As noted in my prior post, George Taylor and family arrived in Puslinch Township, Wellington County, Upper Canada in 1832. As reported by the Puslinch historical Society, in their section on the research regarding the owners/residents of the original lots of the Township, George's daughter Margaret Taylor (age 19) was married to William Graham (age 33) on 9 December 1934 in Ancaster by John Miller, minister. William Graham was born to  William Graham and Catherine Ross, in Dornoch, Sutherland, Scotland in about 1801; he was baptized on 25 November 1801. He arrived in Québec in 1830 and bought land in Puslinch Township outside of Guelph, Ontario in 1833. When he married Margaret Taylor, he was a millwright and built the first sawmill in Puslinch on lot 23 in the 8th Concession. His obituary said he built the first three sawmills in Puslinch Township. The 1840 Puslinch Assessment rolls shows that William owned Lot 13 of Concession 8, a 100-acre lot with 15 acres of cleared land. William and Margaret had four sons: William Graham (1836-1891), George Graham (1838-1926), Alexander Graham (1840-1926) and Duncan Graham (1843-1906). I think Margaret died shortly after the birth of her fourth son. I haven’t found a record of her death yet, but William Graham married Catherine “Connie” McKenzie (1815-1888) on 2 January 1846. I found it interesting that one of the witnesses to their marriage was a Peter Robertson; it made me wonder whether he was related to George’s first wife Margaret Taylor (which would tend to support my hypothesis that her mother was Helen Robertson and not Ann McArthur – it’s something to check out). William and Connie had three children: Robert (1849-?), Murdoch (1849-1931), and Catherine (1855-?).  William Graham died on 25 September 1892, in Wellington County, Ontario, Canada after four days with pneumonia.

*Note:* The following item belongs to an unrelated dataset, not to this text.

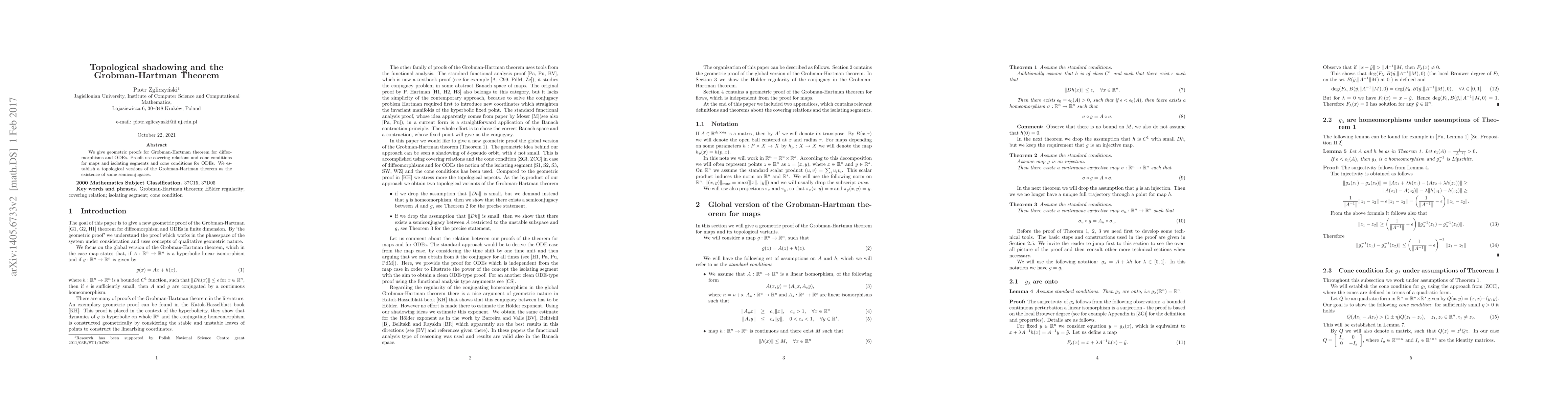 The paper provides geometric proofs for the Grobman-Hartman theorem in both diffeomorphisms and ODEs, utilizing covering relations and cone conditions, and introduces the H\"older condition for the conjugating homeomorphisms.
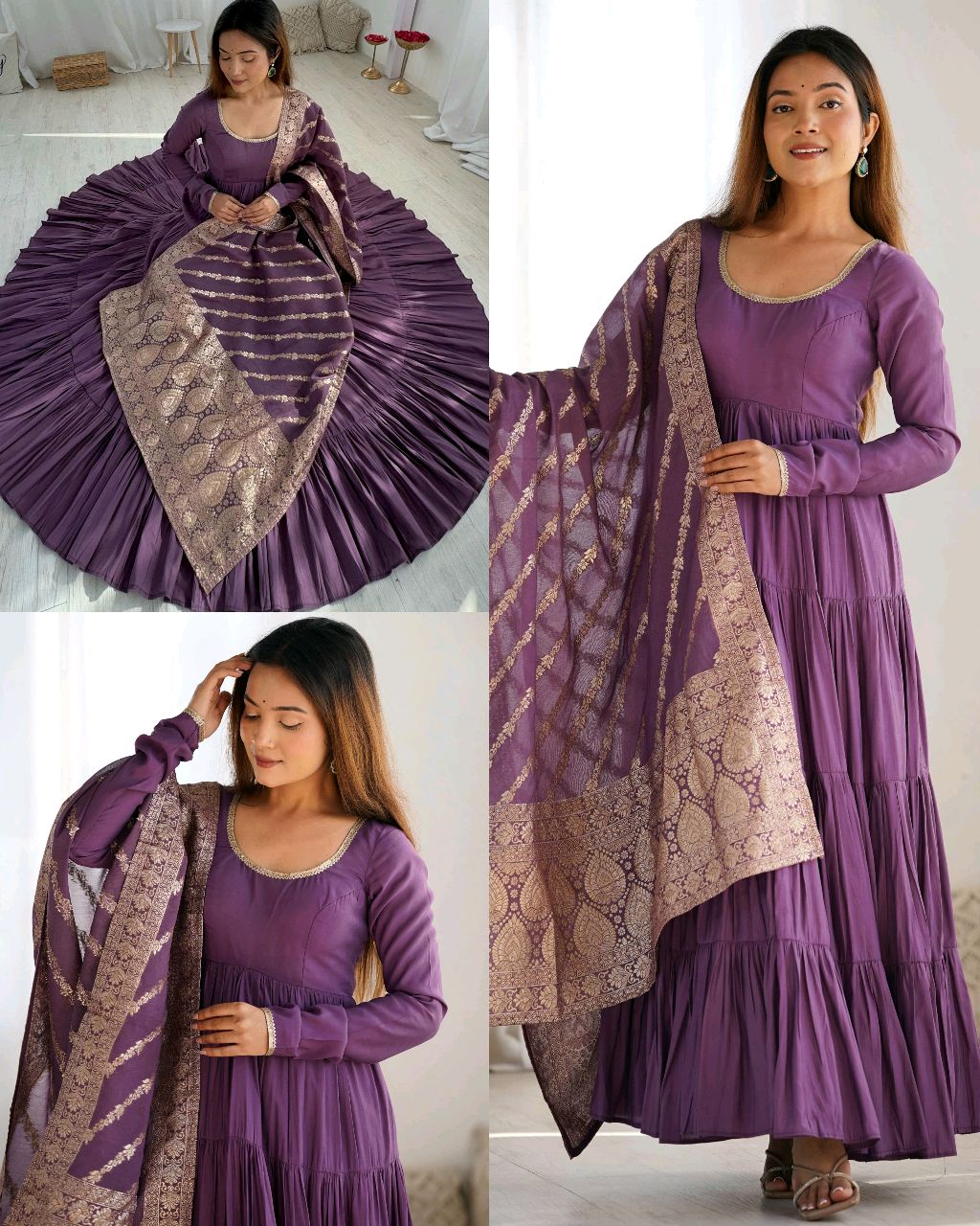 TRENDY FULLY FLAIR ANARKALI, WITH DUPPTA SET, PANT READY TO WEAR

Climbing My Family Tree: Map of Puslinch Twp, Wellington County, Ontario original concessions and lots.
Map of Puslinch Twp, Wellington County, Ontario original concessions and lots.
Published in 1860 Historical Atlas of Wellington County,  In the Public Domain..
Click to Make Bigger


For the purposes of this post, I am focusing on William and Margaret’s second son George Graham, Sr., my first cousin three times removed, mainly because I was intrigued by his pioneering spirit: courage, sense of adventure, and dedication to hard work. Some of my nieces have asked me if I’ve found that we are related to anyone famous. My answer has been: not that I’ve been able to find yet, but we are related to a whole bunch of pioneers, people who go off into the unknown and choose to hack out a life at the edge of civilization and help make it into a community and a Country. George Graham is a good example of this.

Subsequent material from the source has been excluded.